▸ **Exercise objective**:
Everything below from the line with "Hej! Jag har" through the line with "A similar Dala" should be copied exactly, and nothing else; leave out the pictures.

▸ **Raw data**:
'''

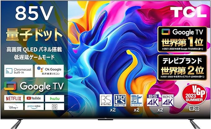 TCL 85V Type, 4K Quantum Dot, Google TV, 120Hz, DLG Game Mode, LCD TV, FreeSync, Built-In W Tuner, Dolby Vision, Dolby ATMOS, Internet Video Support, Chrome Cast, Audio
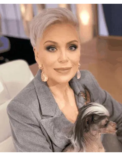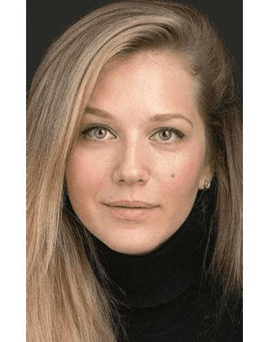 a woman with long blonde hair wearing a black turtleneck looks at the camera
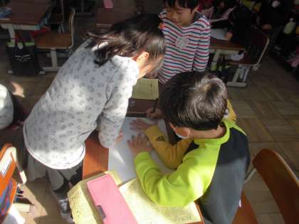 その日に向けて,今日はグループごとに当日のせりふを考えました。
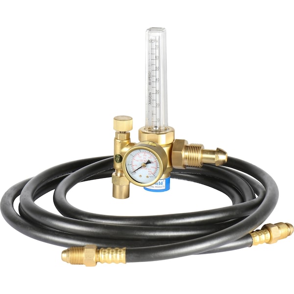 Single stage flowmeter; 0-60 SCFH; Preset at 50 PSIG; CGA-580 inlet connection; 5/8"-18 RH outlet connection; 1.5" gauge, 0-4000 PSI; Comes with 10' fitted argon hose
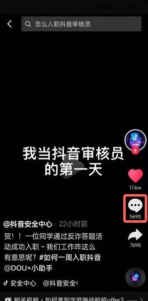 1、在抖音安全中心中找到审核员的视频,然后点击评论。
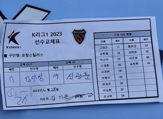 전북은 "김인성, 신광훈의 교체 및 이후 두 선수의 경기 참여에 대해 1차적 문제를 지적했다. 대기심은 7번 김인성을 교체 아웃하고, 17번 신광훈을 투입한다고 교체판을 들었다. 교체표 및 공식기록지에서도 동일하게 기재했다"며 "신광훈은 경기에 참여했고, 김인성은 필드에 남았다. 교체아웃 되어야 할 선수와 교체투입 된 선수가 동시에 경기에 참여했다"고 밝혔다.
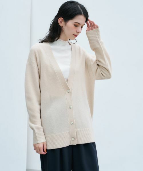 11/12(水)発売!人気スタイリストの大草直子さんとコラボレートした、Vネックカーディガン。ふんわりと軽く、滑らかな肌触りの上質なニットを贅沢に使用しており、一度袖を通せばきっと着心地の良さの虜になるはずです。程よく肩を落としたリラックスシルエットとヒップまで隠れる長めの着丈で、体型を問わずバランス良く着こなせます。フロントにはモダンなダイキャスト製ボタンを採用し、細部にまでこだわりが詰まっています。
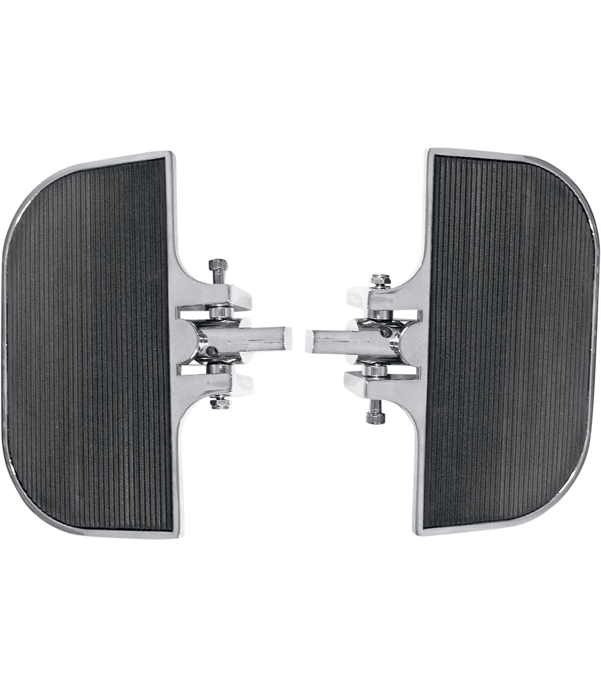 Petites platines repose-piedsFacile à monter en utilisant la chape mâle utilisée également pour les repose-pieds d'origineConstruction en métal coulé et chromé pour un design durable et élégantLe revêtement en caoutchouc antidérapant offre une surface antidérapante et confortableLes platines repose-pieds peuvent être tournées de jusqu'à 15 degrés pour une position de pilotage parfaite
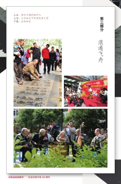 第三部分 上左:静安公园的地书人 上右:大宁社区中外居民闹元宵 下图:老有所乐 浪遏飞舟 光影漫旅画静安——纪念改革开放 40 周年 50
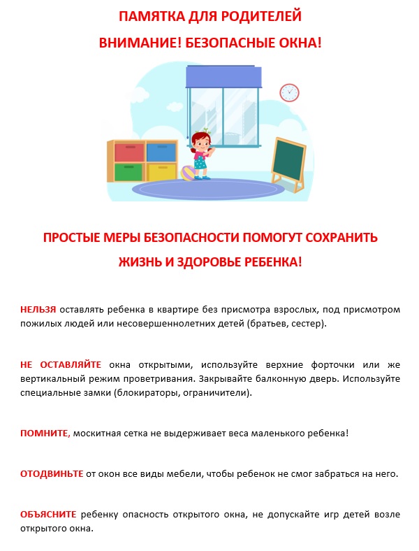 Памятка для родителей. Внимание! Безопасные окна! 09.07.2021
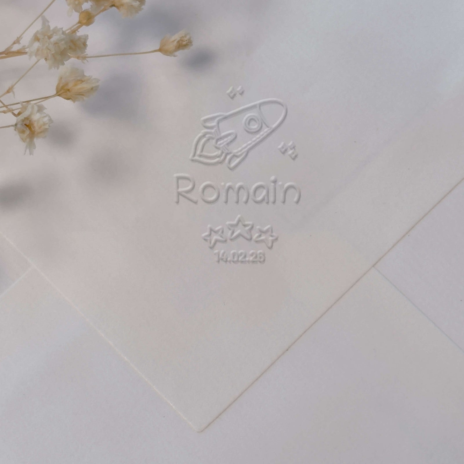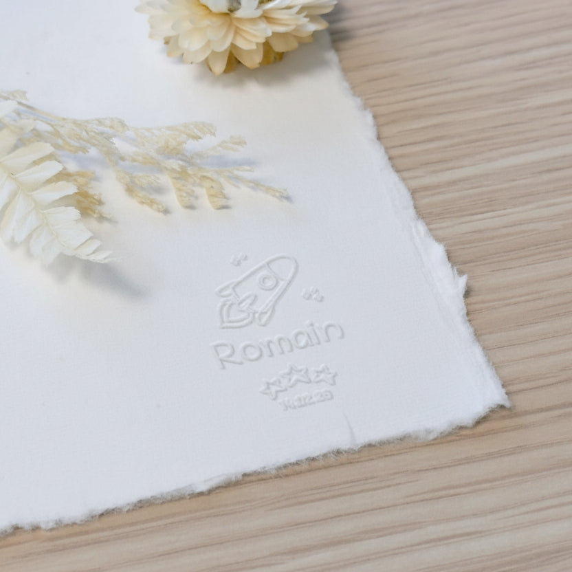 Créez un souvenir d'exception avec cet embosseur naissance fusée et étoiles, personnalisable avec le prénom et la date de naissance de votre enfant.
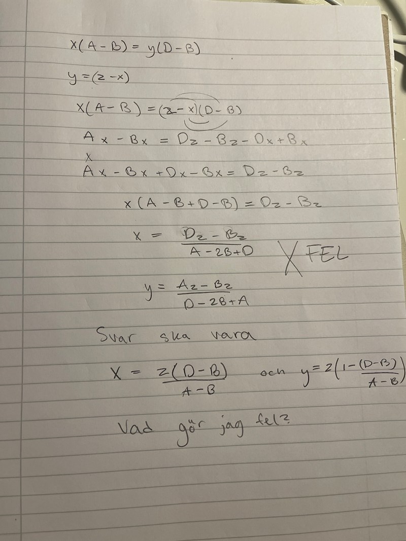 Hej! Jag har försökt lösa denna fråga, och får nästan rätt svar. Tror att jag gjort något slarvfel eller missat något, men kan verkligen inte se vad. Tror att jag har stirrat mig lite blind på frågan så uppskattar verkligen om någon kan hitta vad jag gjort fel!
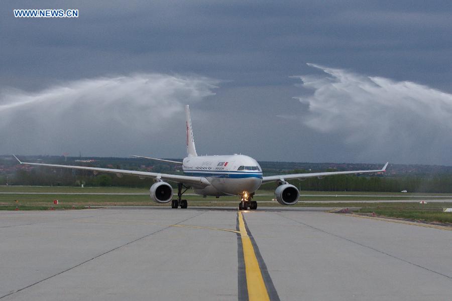 Budapest Ferenc Liszt International Airport greets Air China's first flight with an archway of water in Budapest, Hungary on May 1, 2015. Air China's Beijing-Budapest route was officially inaugurated on Friday evening, when its Airbus 330-200 landed at Budapest Ferenc Liszt International Airport. On the way to Budapest the flight stops once, in Minsk, Belarus, but the return trip from Budapest to Beijing is non-stop. (Xinhua/Attila Volgyi)
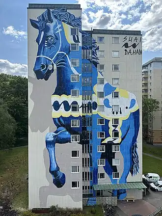 A similar Dala horse can be seen in Andersonville, Chicago, donated by the Swedish American Women's Educational Association (SWEA) to the Swedish American Museum. SWAE commissioned the Swedish Artist Lars Gillis to paint the Dala horse in a way that represents the connection between Sweden and Chicago. After eight years, the original Dala horse could not withstand the harsh Chicago weather conditions and was removed in 2013 for restoration that took a year.[6] It is now kept in the lobby of the Swedish American Museum, which provided a fiberglass replica placed on the corner of Clark and Farragut streets.[7][8]
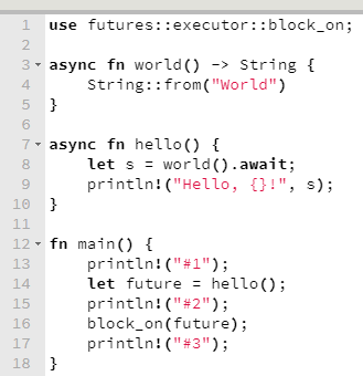 Já este exemplo abaixo é de concorrência com futures, usando a relativamente nova implementação de async/await, que também segue a filosofia de abstração com custo zero. Acho que este modelo dispensa qualquer introdução, por ter se popularizado tanto nos últimos anos, desde que foi implementado em F# e C# e mais recentemente em JavaScript.
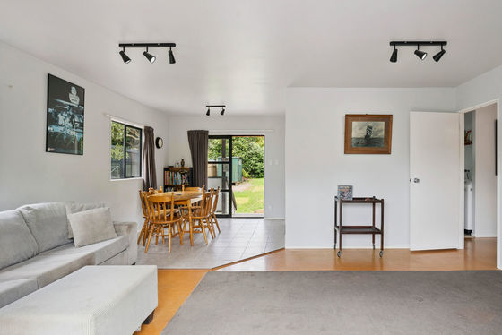 3 spacious bedrooms, 1 well-appointed bathroom and a separate toilet. The open-plan dining and lounge area creates a warm and inviting atmosphere, perfect for entertaining or family gatherings. The kitchen features standard amenities, including an electric stove and rangehood, making meal preparation a breeze
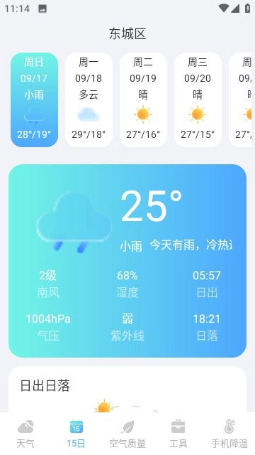 4. 15天预报:详细呈现15日的天气状态,包括温度、风向、空气质量、风况等信息。
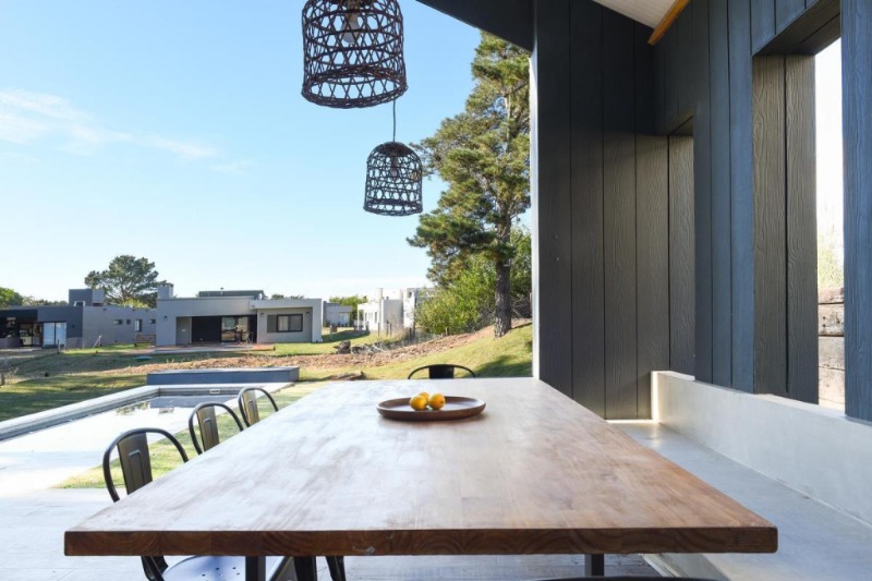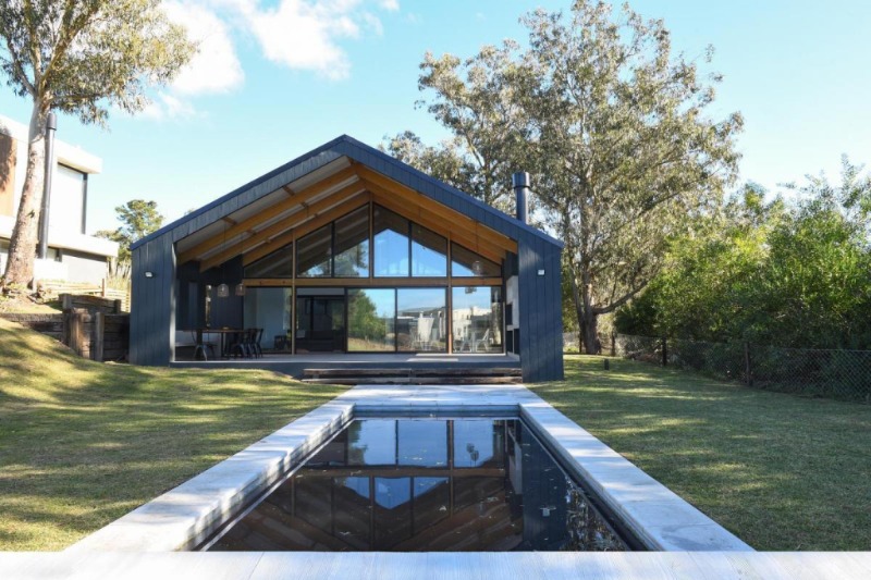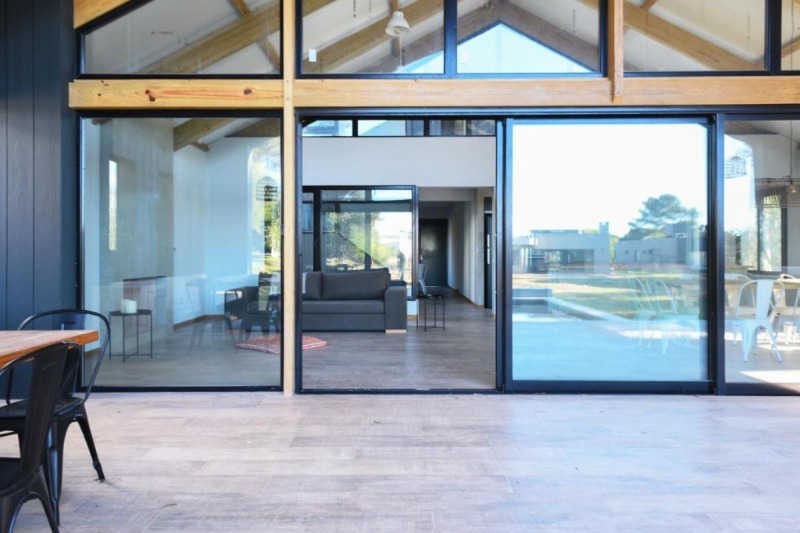• Cerramientos de aluminio Aluar A30 color negro con DVH (doble vidriado hermético), ventanas oscilobatientes y carpinterías corredizas. DVH con laminado en puertas ventana.
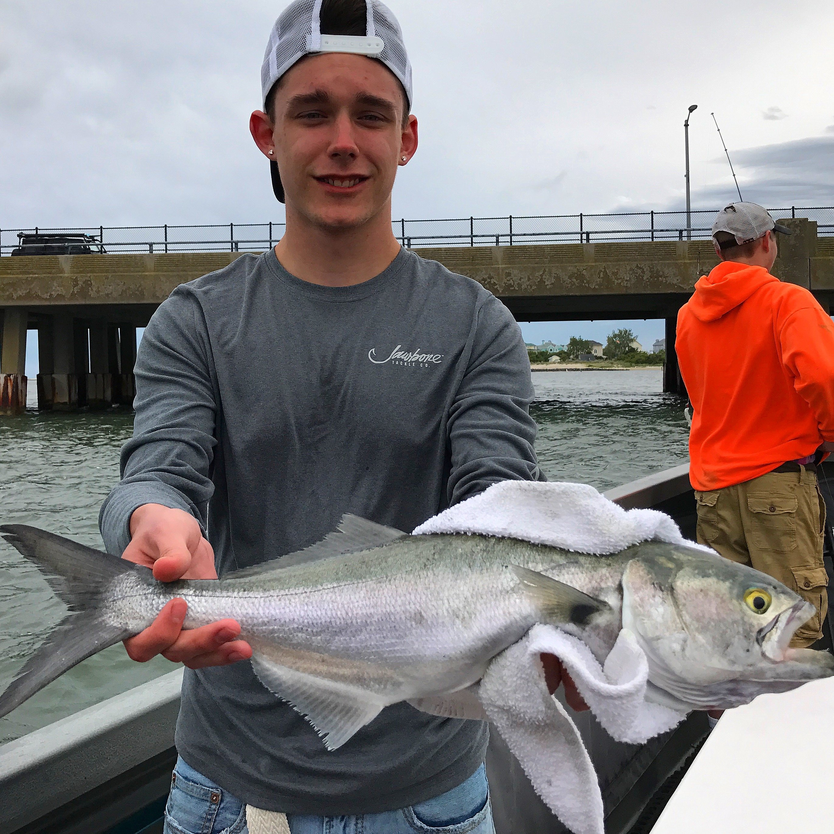 Inshore fishing was the only thing going on today with the windy conditions and despite it being a little chilly this am and a little choppy on the bay there was some decent fishing going on. Captain Jeff Coats of Pitboss Fishing had some recently graduated “schoolies” on board today and had some great luck fishing the route 50 bridge. Captain Jeff put Bryce Slusser, Colton Morgan and Josh Auxer on 15 “schoolie” rockfish, a nice bluefish and even a nice puppy drum on Roy Rigs. All of the fish were released.

'''

▸ **Exercise result**:
 Hej! Jag har försökt lösa denna fråga, och får nästan rätt svar. Tror att jag gjort något slarvfel eller missat något, men kan verkligen inte se vad. Tror att jag har stirrat mig lite blind på frågan så uppskattar verkligen om någon kan hitta vad jag gjort fel!
 Budapest Ferenc Liszt International Airport greets Air China's first flight with an archway of water in Budapest, Hungary on May 1, 2015. Air China's Beijing-Budapest route was officially inaugurated on Friday evening, when its Airbus 330-200 landed at Budapest Ferenc Liszt International Airport. On the way to Budapest the flight stops once, in Minsk, Belarus, but the return trip from Budapest to Beijing is non-stop. (Xinhua/Attila Volgyi)
 A similar Dala horse can be seen in Andersonville, Chicago, donated by the Swedish American Women's Educational Association (SWEA) to the Swedish American Museum. SWAE commissioned the Swedish Artist Lars Gillis to paint the Dala horse in a way that represents the connection between Sweden and Chicago. After eight years, the original Dala horse could not withstand the harsh Chicago weather conditions and was removed in 2013 for restoration that took a year.[6] It is now kept in the lobby of the Swedish American Museum, which provided a fiberglass replica placed on the corner of Clark and Farragut streets.[7][8]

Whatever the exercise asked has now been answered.